What fascinates me about the debate over the short-lived “Zuma Must Fall” billboard at the top of Long Street is not the message, but the significance attached to the medium.

Certain statements will attract attention regardless of where they appear, but this one had been simmering quietly as an online and offline meme for ages until the act of putting it on a physical billboard created enough heat for the pot to boil over and generate vociferous debate.

Whatever people believe about the statement, isn’t it curious that the reaction is heightened when it appears on a billboard that is seen “in real life” by only a few thousand people, when the sentiment had already been expressed and seen in other media by hundreds of thousands of people without those instances becoming news in the same way.
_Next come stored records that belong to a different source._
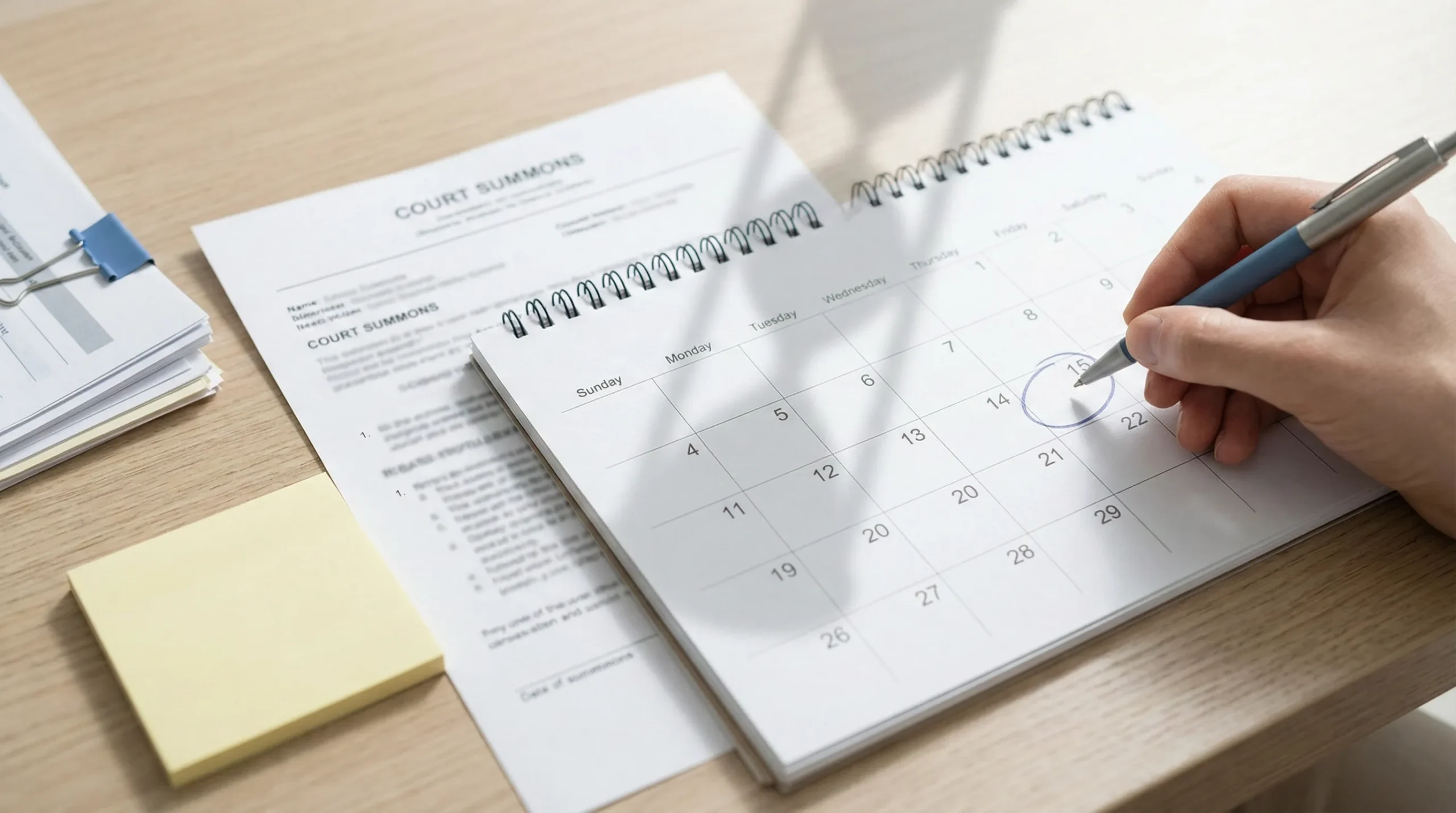 - Calendar the response requirement exactly as written on the summons.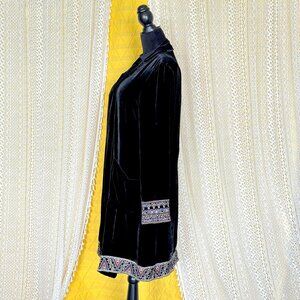 Gotta love some Johnny Was! Beautifully boho with the luxurious black velvet and colorful embroidery along the bottom and cuffs. Lightweight, perfect for layering!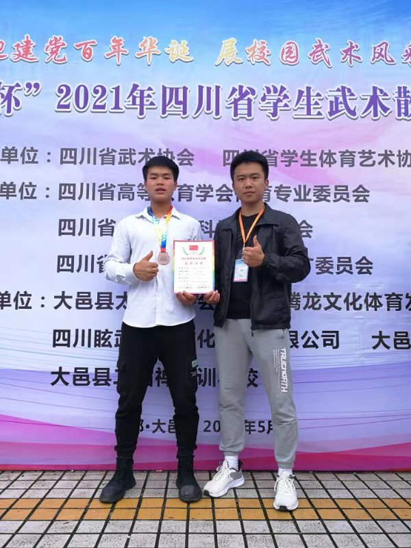 5月21日至22日,2021四川省学生武术散打公开赛在成都大邑开展,这是学校首次参加武术散打公开赛,时间紧、任务重,学生们面对的不仅是大规模的赛事、全新的场地,更多的是来自四川省20多所高校的优秀运动员同场竞赛。在这种情况下,选手们赛前利于课余休息时间刻苦训练,在赛场上不畏强手,克服困难,发挥出了应有的水平,充分展现学校学子的风采。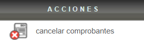 Click the "Cancelar Comprobantes" button in the Acciones menu.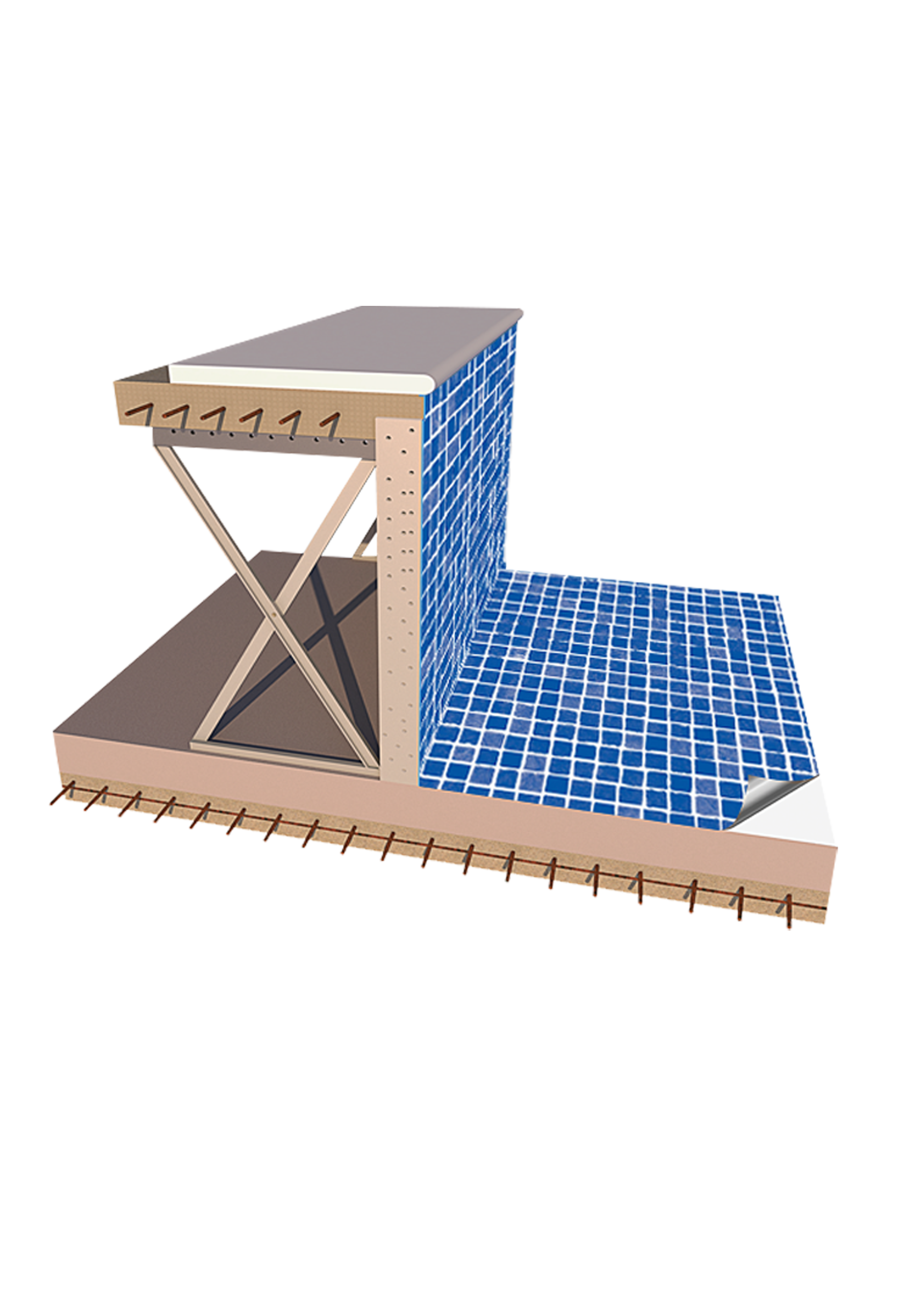 Çelik çubuklar, Çapraz ayakları ve havuz duvarını zemine sabitler.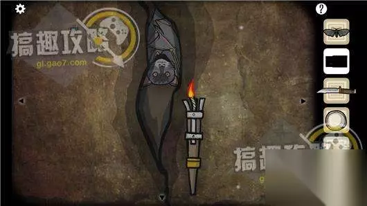 用火柴将火炬点燃看到裂缝里的蝙蝠。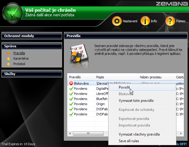 V Pravidlech se objevují výchozí způsoby chování Zemana AntiLoggeru k jednotlivým spouštěným aplikacím. Ty jsou ustanoveny při prvním spuštění daného programu pod dohledy Zemany. Pokud se nejedná o kýženou reakci, pravým myšítkem snadno pravidlo změníme, jak je vidět na obrázku, kde Zemana blokuje bezpečnostní software výrobce notebooku. V Karanténě jsou izolovány všechny podezřelé programy. Pomocí pravého myšítka lze určit, co s nimi. Protokol zaznamenává všechna automatická rozhodnutí o povolení či blokování aplikací a umožňuje jejich správu.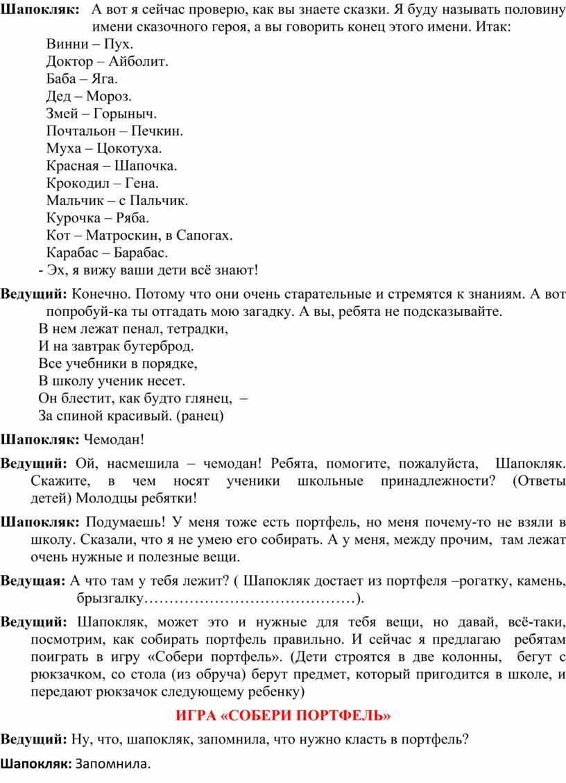Ведущий: Ну, что, шапокляк, запомнила, что нужно класть в портфель?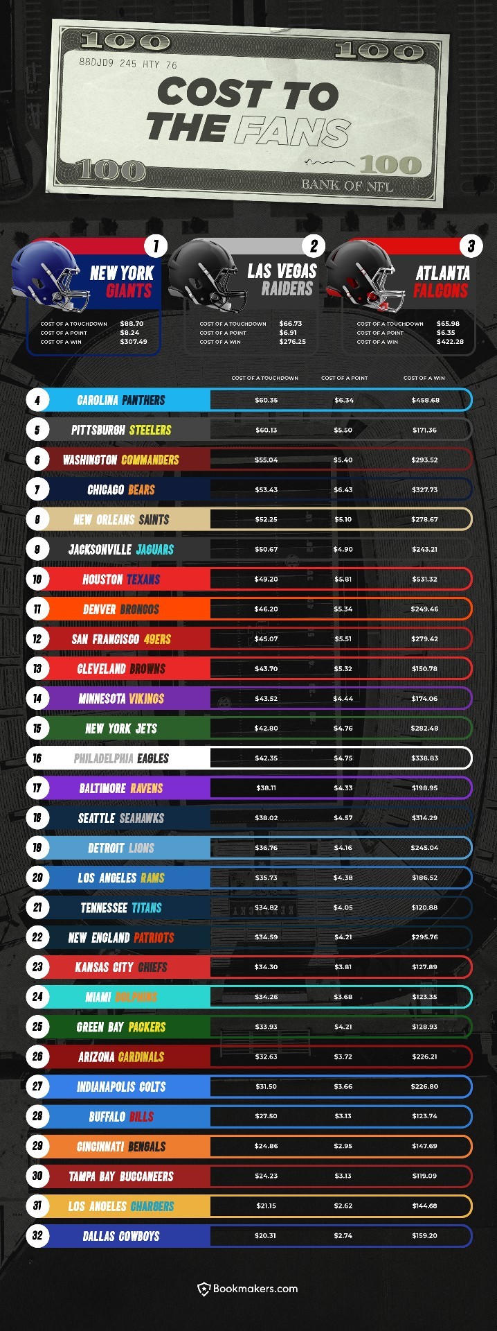 The next most expensive team per touchdown last season was the Las Vegas Raiders, whose supporters spent $66.73 per score. Raiders fans were also made to pay $6.91 per point, the second-most of any NFL franchise, and $276.25 per win.

It’s possible that it was simply a case of ANC supporters spotting an opportunity to create a tenuous association between the message and the DA-led municipal government, and using the act of physically tearing the billboard down to add newsworthy drama.

But I think this is more than just political manipulation. DA politicians were just as quick as anyone else to condemn the banner, apparently sensing that this was somehow more serious than the usual murmuring online and in newspapers.

What we say in public matters very much. But what difference does it make whether it’s an actual billboard or social media?

Would the reaction have been less if someone with 100 000 followers had simply tweeted the hashtag? Yes, this story needed something physical to start the feeding frenzy. But it is the crossover between offline and online realities that adds spice to the story, with manipulated photos adding confusion and interest, and a second billboard extending the meal.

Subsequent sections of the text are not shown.